> _Your assignment_: At the line with "Зуб. Акула. Protolamna", start transcribing; stop after the last line of the data below. Keep it exact and leave pictures out.

═══ Data ═══

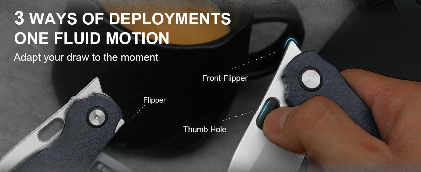 Ön kapakçığı işaret parmağınızla taktiksel bir tutuşla hızlıca açın, kapakçığı doğal baş parmak açılımı için kullanın veya başparmak deliğinden döndürerek açın; hepsi tek elle ve sezgisel. İster yüksek baskı gerektiren durumlarda ister günlük işlerde kendi hızınızı ayarlayın.
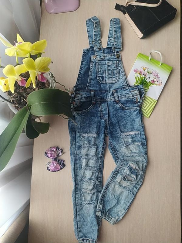 Цей комбез з легкого джинсу обовязково повинен бути у Вашої принцеси! Тканина легка, 5 карманів, хоча джинс зі "рванками", але вони з піднизу повністю зашиті тканиною в тон. Ніякий вітерець Вашій дівчинці не страшний)
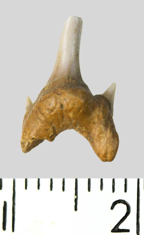 Зуб. Акула. Protolamna sp.? Классификация: Хордовые Chordata, Позвоночные Vertebrata, Хрящевые рыбы Chondrichthyes, Пластиножаберные Elasmobranchii, Акулы Selachii, Ламнообразные Lamniformes
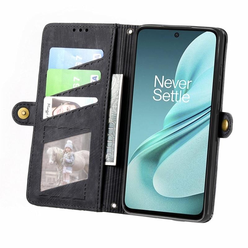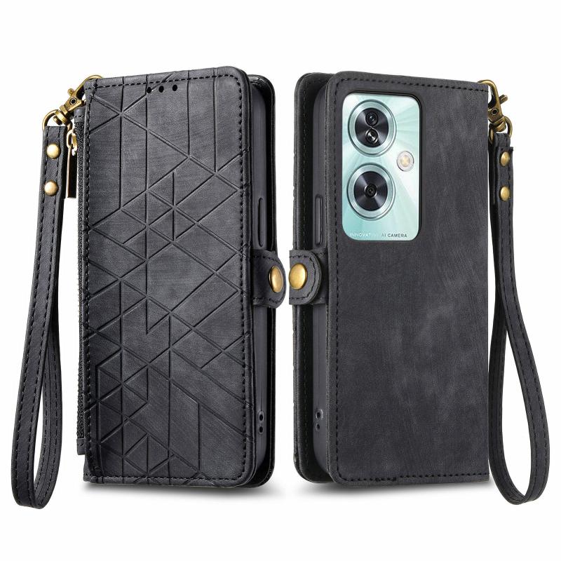 For OnePlus Nord N30 SE Geometric Zipper Wallet Side Buckle Leather Phone Case(Black)

═══

> _Answer to this task_:
 Зуб. Акула. Protolamna sp.? Классификация: Хордовые Chordata, Позвоночные Vertebrata, Хрящевые рыбы Chondrichthyes, Пластиножаберные Elasmobranchii, Акулы Selachii, Ламнообразные Lamniformes
 For OnePlus Nord N30 SE Geometric Zipper Wallet Side Buckle Leather Phone Case(Black)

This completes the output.